To obtain sequences of all the mkg copies in D. mauritiana, we screened a λ phage genomic library of D. mauritiana (constructed and provided by C.-T. Ting, University of Chicago). All four copies, including the parental one, were identified and sequenced.

Characterization of gene structures and expression patterns.

We used the RACE (rapid amplification of cDNA ends) assay and RT-PCR to detect possible transcripts of each copies. The gene structure of each copy was deduced by comparing the obtained cDNA and genomic DNA sequences. We examined expression patterns in adult females, adult males, second and third instar larvae or pupae. We carried out 5′ RACE using the FirstChoice RLM-RACE kit (Ambion). For 3′ RACE, we used adapter-linked oligo dT primers (Life Technologies) to synthesize first-strand cDNA.

Polymorphism data and statistical analyses.
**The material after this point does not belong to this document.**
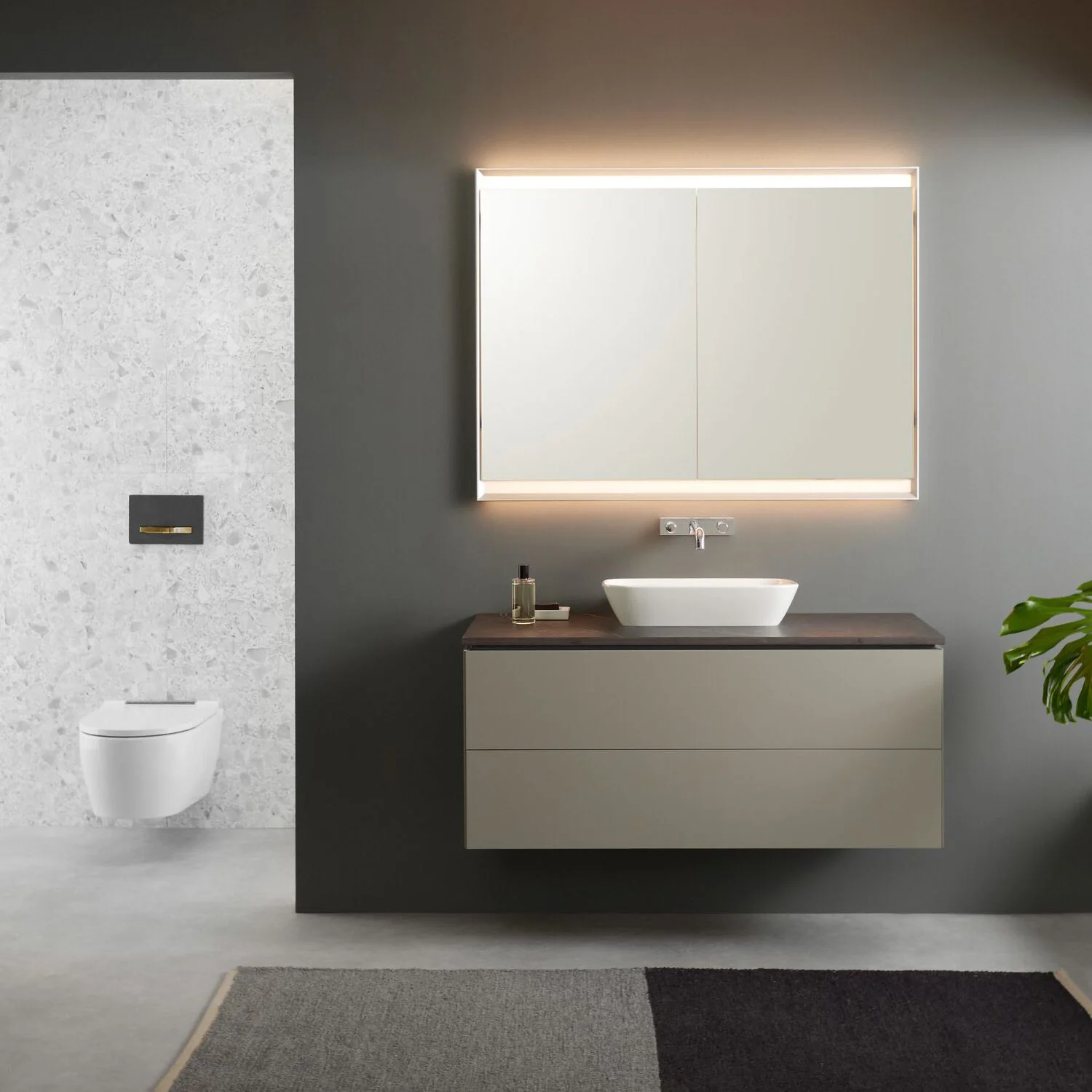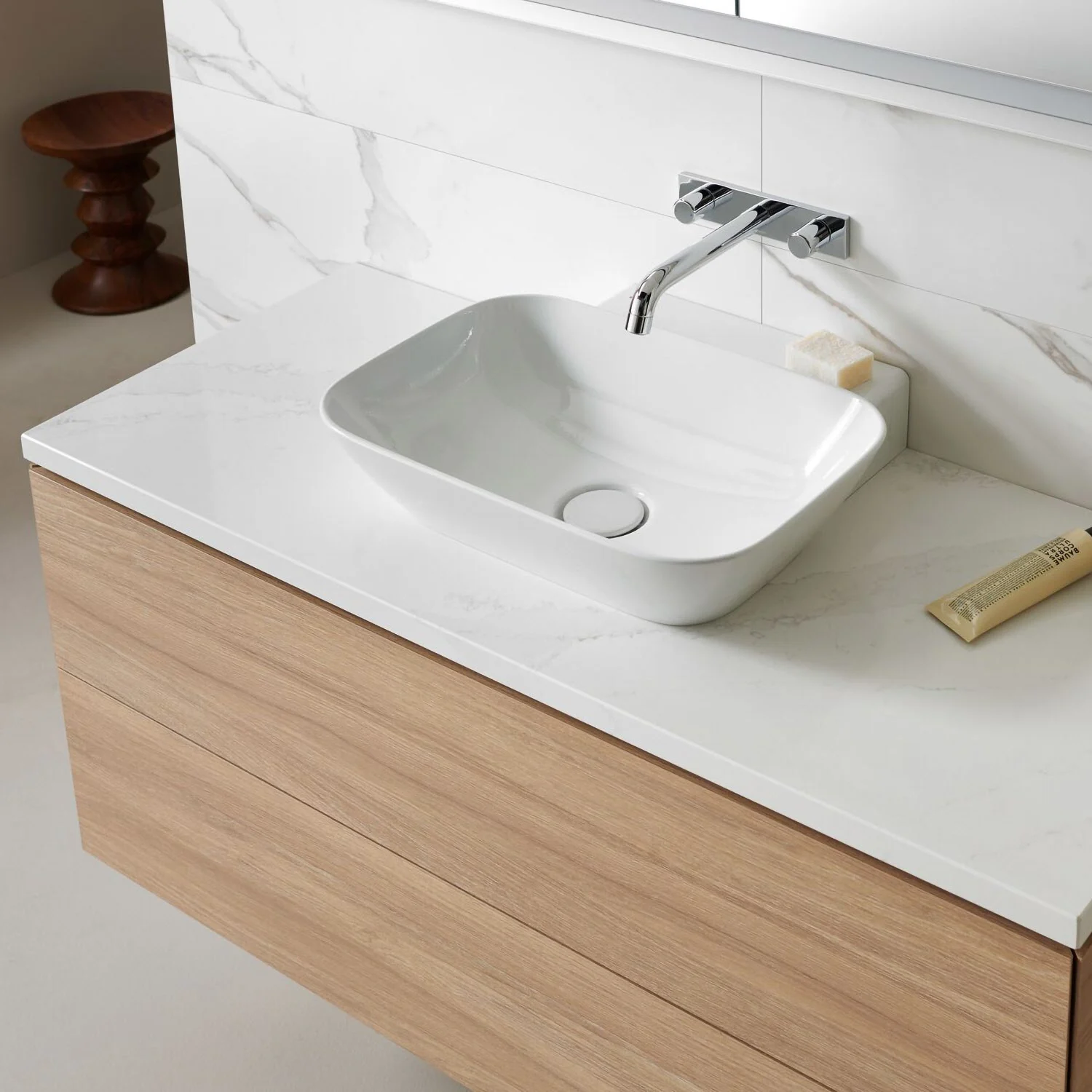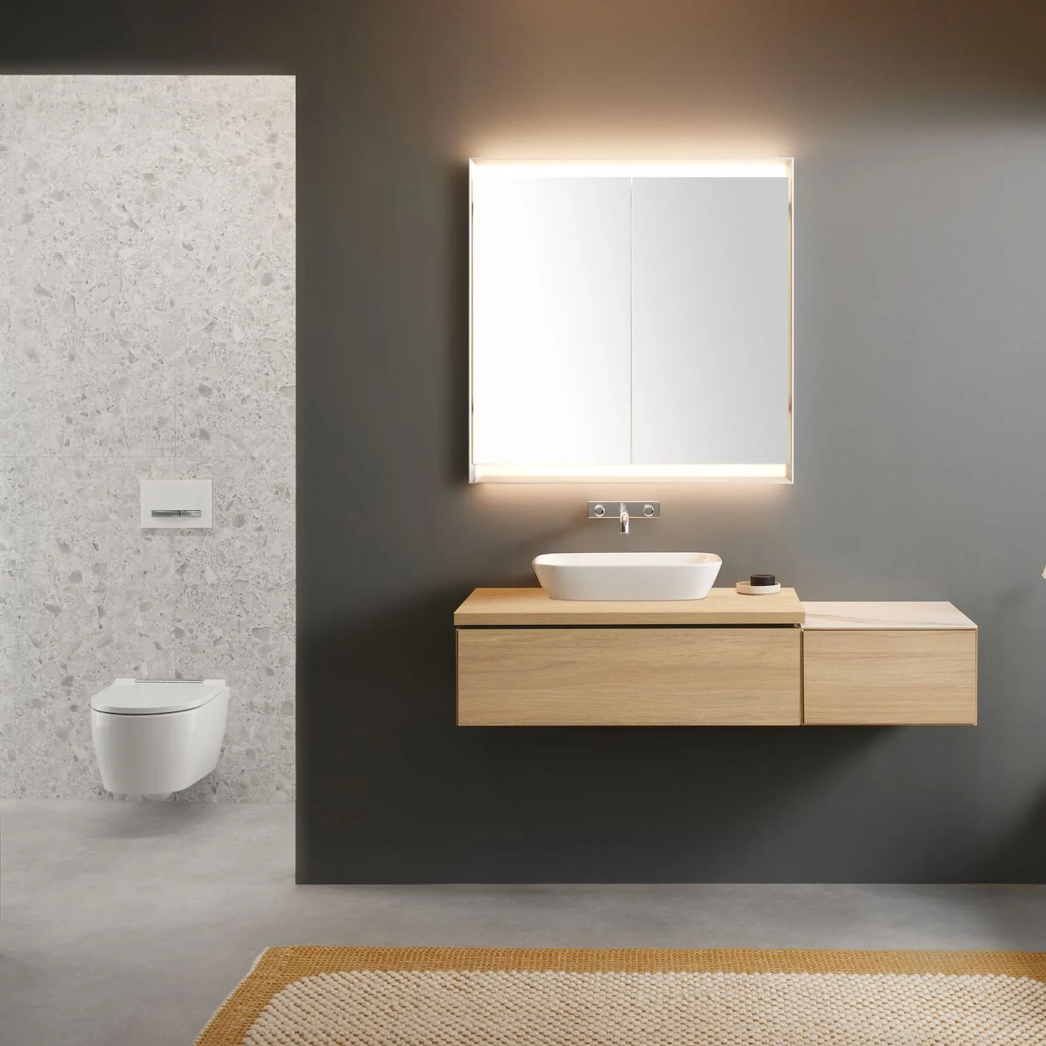 Geberit ONE Aufsatzwaschtisch Schalenform, ohne Hahnloch, ohne Überlauf, Abgang vertikal

We generated polymorphism data of genes using population samples of D. simulans, D. mauritiana and D. sechellia. The worldwide D. simulans sample contained 11 strains. We used 13 D. mauritiana strains: lines 72, 75, 105, 197, 207, g23, g35, g62, g74, g122, g130, g193 and G122. We used eight D. sechellia strains: lines 4, 15, 21, 22, 24, 25, 81 and 034. These strains were provided by J. Coyne, S.-C. Tsaur and M.-L. Wu (University of Chicago). We extracted total DNA from a single male of each strain using Puregene DNA extraction kit (Gentra Systems). We did not collect polymorphism data for Dmau\mkg-r because it is difficult to specifically amplify this gene in many D. mauritiana strains. In mkg-r2, all 12 alleles showed significantly stronger preference for synonymous polymorphism, whereas one allele (w136) contained a stop codon, probably a transient mutant, and was excluded from analysis. Alleles of mkg-r2 also had a preference for synonymous substitution (Ks) over nonsynonymous substitution (Ka) in divergence analysis in all comparisons, except for one with mkg-r3. Thus, the sequence analyses at two levels of variation, polymorphism and divergence, suggest that mkg-r2 is subject to functional constraint.

We calculated Ka, Ks and two statistics that describe within-species variation, π (nucleotide diversity) and Watterson's θ, with DNAsp 3.5 (ref. 16) and K-estimator28. We also carried out Tajima's D test, the McDonald-Kreitman test, Fu-Li test and Fay-Wu test17,18,19,20 with DNAsp 3.5. We created a neighbor-joining tree of genes and carried out a relative rate test using Mega 2.0 (ref. 29).

We used sign tests30 to test the null hypothesis that new genes and parental genes are pseudogenes. If they were pseudogenes, some new genes should have Ka/Ks ratios <1 and some others should have Ka/Ks ratios >1. Under the simple assumption that the probability that the Ka/Ks ratio for a pseudogene is <1 is equal to the probability that the ratio is >1, the binomial distribution on the assumption of p = q = 0.5 can be used to calculate the probability of the null hypothesis, p = n!/(m!k!).(1/2)n, where n = m + k, m = the number of the ratios >1 and k = the number of the ratios <1. For a conservative test, we used the number of independent comparison (n = 6, considering that Dmel\mkg-p, Dsim\mkg-p, Dsec\mkg-p, Dsim\mkg-r, Dsec\mkg-r and Dmau\mkg-r contain two domains whereas Dmau\mkg-p and Dmau\mkg-r3 contain single different domains) when computing this probability.

GenBank accession number.

mkg genes, AY562976AY562984; sequence alignment data, AY572491AY572499.

Note: Supplementary information is available on the Nature Genetics website.